RAW DATA ▸
——
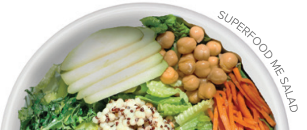
SUPERFOOD ME SALAD

mixed greens, tomatoes, red onion, red and green peppers, cucumber and mozzarella cheese. served with housemade Italian dressing.
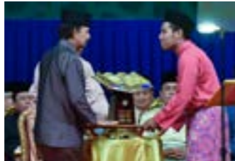
11 Royalties attend 7 th Southeast Asian Youth Al-Qur'an Reading Competition
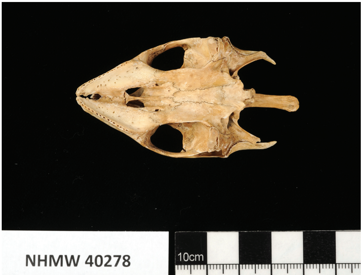
Figure 4. Holotype (NHMW 40287) of A. o. jongli ssp. nov. Skull in ventral view.

Amyda o. phayrei differs from the other two subspecies by its dull brown carapace, yellow pigments present forming distinct yellow dots on the head and neck; carapace with or without distinct saddle-shaped dark colouration; with eyes open, the eyelids have distinct yellow spots alternating with grey “zebra striped” colouration; tubercles in the nuchal and back region of the carapace but not as distinct as in A. o. jongli ssp. nov.; head in upper side view more slender and narrowed to the pro-
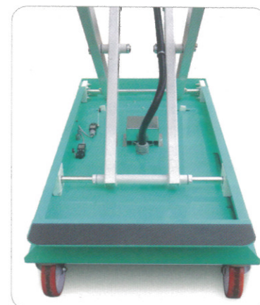
Functional chassis design for easy cleaning.
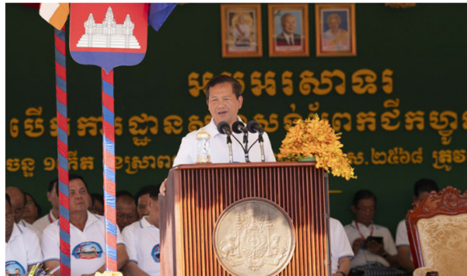
Prime Minister Hun Manet speaks at the launch of the Funan Techo Canal project in Kandal province yesterday.

Click here to get Khmer Times Breaking News direct into your Telegram
——
BRIEF ▸ Reproduce exactly the lines from the one containing "Prime Minister Hun" through the last line of the records, both included, and nothing else.

THE ANSWER ▸
Prime Minister Hun Manet speaks at the launch of the Funan Techo Canal project in Kandal province yesterday.

Click here to get Khmer Times Breaking News direct into your Telegram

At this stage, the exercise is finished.